Please help by expanding it!

S-expression (or sexp, for "symbolic expression") is a data structure introduced by John McCarthy in the programming language Lisp, which is also used in Scheme   and certain other programming languages.

## S-expressions

There are essentially two different syntaxes for representing S-expressions: internal, so-called "dotted-pair notation", which mirrors the way the S-expressions are stored in computer's memory, and external notation, based on nested lists, which is usually used when S-expressions are either input or output from/to the file system or programmer's console. Below, context-free grammars are given for slightly restricted versions of both syntaxes.

First, for the internal "dotted pair"-syntax:

${\begin{array}{rll}{\textit {S-expression}}&\rightarrow &{\mathit {ATOM}}~~\vert ~~{\mathit {PAIR}}\\{\mathit {PAIR}}&\rightarrow &({\textit {S-expression}}~.~{\mathit {PAIR}})~~\vert ~~({\textit {S-expression}}~.~\mathbf {(~)} )\\\end{array}}$ and for the external "nested list"-syntax:

${\begin{array}{rll}{\textit {S-expression}}&\rightarrow &{\mathit {ATOM}}~~\vert ~~({\textit {S-expression}}^{*})\\\end{array}}$ Here ${\mathit {ATOM}}\,$ may stand for any atomic item, e.g. for numbers and symbols, including also an empty list $\mathbf {(~)} \,$ (which is called NIL in Lisp parlance).
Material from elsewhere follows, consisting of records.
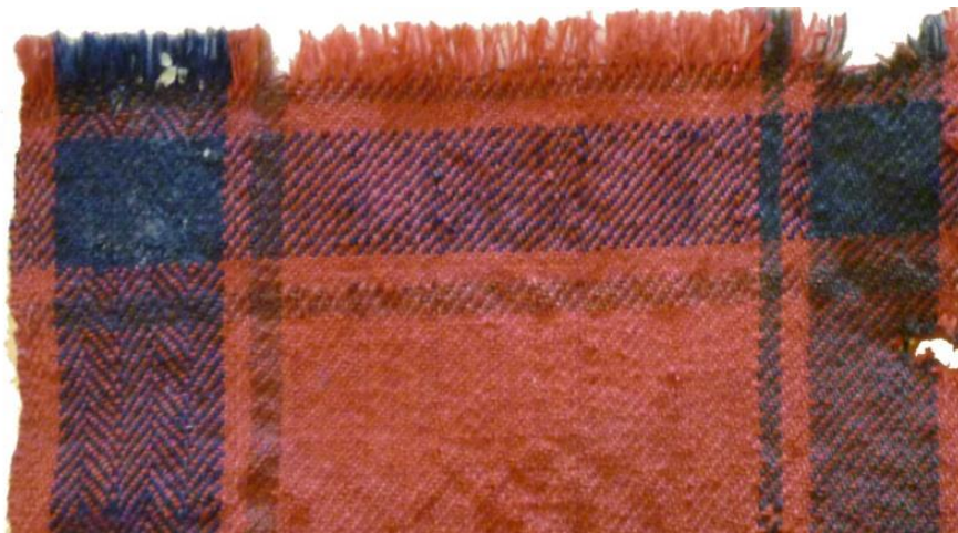
Fig 5. A C18th repeating sett with herringbone selvedge.

Mention has already been made of the use of herringbone selvedges. These are often found on old plaids, although not all old plaids were woven with a herringbone selvedge. Examples show that it was used on both plain and decorated selvedges well before the mid-C18th. The effect of a herringbone is to make that section slightly thicker and looser so it probably had a dual function, principally of being decorative but also of allowing the fabric to move or flow more effectively which might have been an added advantage in a belted plaid. Herringboning was generally one to three inches wide with about two inches being most common width. The individual bands were generally 8-10 threads with 4 to 8 bands in most herringbone selvedges. Fig 5. shows a portion of a 18th Century plaid sett that finishes with a herringbone selvedge.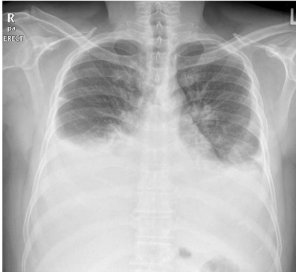
FIGURE 1 Chest X-ray on presentation showing bilateral pleural effusion

bilateral axillary and mediastinal lymphadenopathy, and both lungs were clear with no pleural effusion.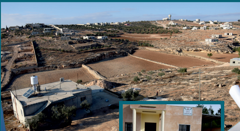
Figure 1: Field visit to Khamlet Al Mayia Community, Hebron. 3 December 2019.

3-11 December 2019 UN-Habitat and LWSC teams visited the targeted communities in Hebron and Bethlehem Governorates: Um Al Daraj, Al Najada, At Tawani, Al- Samu` (Simia), Ar Ramadin, Imnizel, Khamlet Al Mayia, and Al Karmil including Khamlet Saleh and Ma'in in Hebron, and Al Walajah, Wadi Fukin, Kisan, and Minyia in Bethlehem; to introduce the project and main expected deliverables to the Local Government Units (LGUs), and to get a better understanding of the physical and socio-cultural landscapes.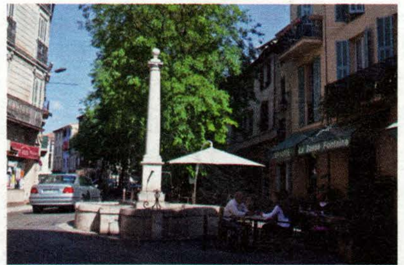
The Basse Fontaine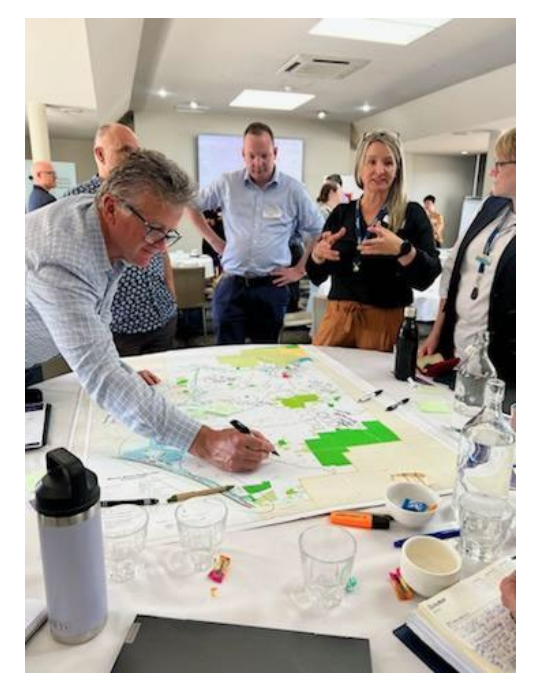
Figure 1 & 2: Key stakeholders engaged in the Berri Visioning Workshop held on 21 October 2024.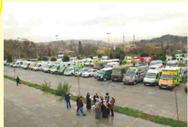
A fleet of ambulances bound for Gaza.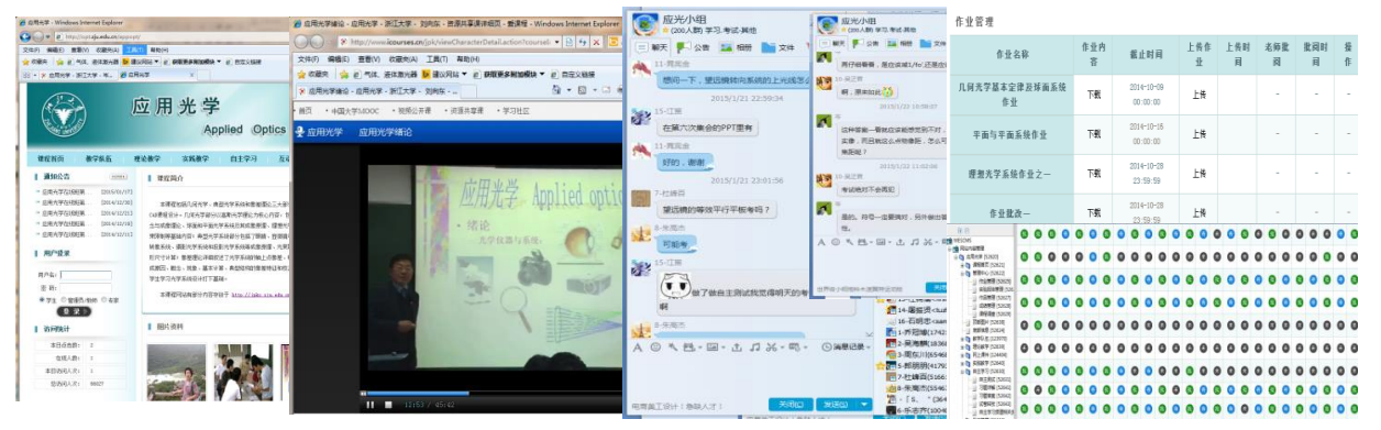
Figure 2 The web side, course, off line question chat, homework checklist of AO course

Current, the National Optical education SPOC system has entering second step, there are more than 20 universities to join the program. And we choose two courses to act as the SPOC courses. With enough student participant samples, we can find out the education result of our special SPOC system with the traditional local classroom local teacher teaching system.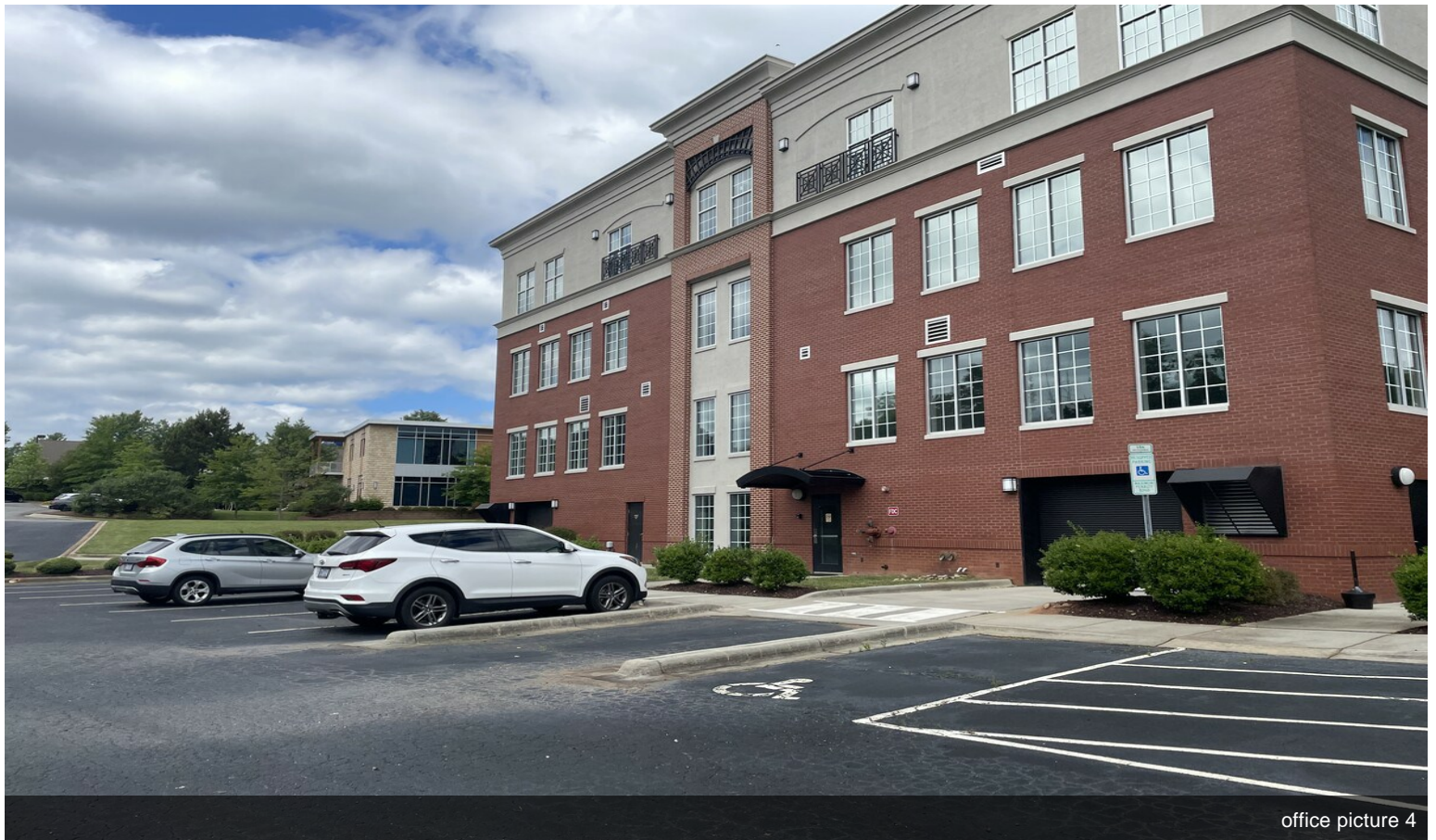
office picture 4

The above definitions produce isomorphic structures. The isomorphism between the two variant syntaxes is realised by the function $f\,$ which maps from the dotted pair to list syntax as follows:

$f(s)={\begin{cases}s,&{\mbox{if }}s~{\mbox{is }}{\mathit {ATOM}}~{\mbox{(including}}\mathbf {~(~)} {\mbox{)}};\\(f({\textit {S-expression}})),&{\mbox{if }}s{\mbox{ is of the form }}({\textit {S-expression}}~.~\mathbf {(~)} );\\{\mbox{a list constructed by inserting }}f({\textit {S-expression}})\\{\mbox{to the front of a list obtained with }}f({\mathit {PAIR}}),&{\mbox{if }}s~{\mbox{is of the form }}({\textit {S-expression}}~.~{\mathit {PAIR}}).\\\end{cases}}$ As an example, function $f\,$ maps the internal, dotted S-expression $(\mathbf {(~)} ~.~({\rm {{1}~.~({\rm {{x}~.~({\rm {{2}~.~\mathbf {(~)} ))))\,}}}}}}$ to an external, dotless list $(\mathbf {(~)} ~{\rm {{1}~{\rm {{x}~{\rm {{2})\,}}}}}}$ and the internal, dotted S-expression $({\rm {{a}~.~(({\rm {{b}~.~\mathbf {(~)} )~.~\mathbf {(~)} ))\,}}}}$ to an external, dotless list $({\rm {{a}~({\rm {{b}))\,}}}}$ of two elements.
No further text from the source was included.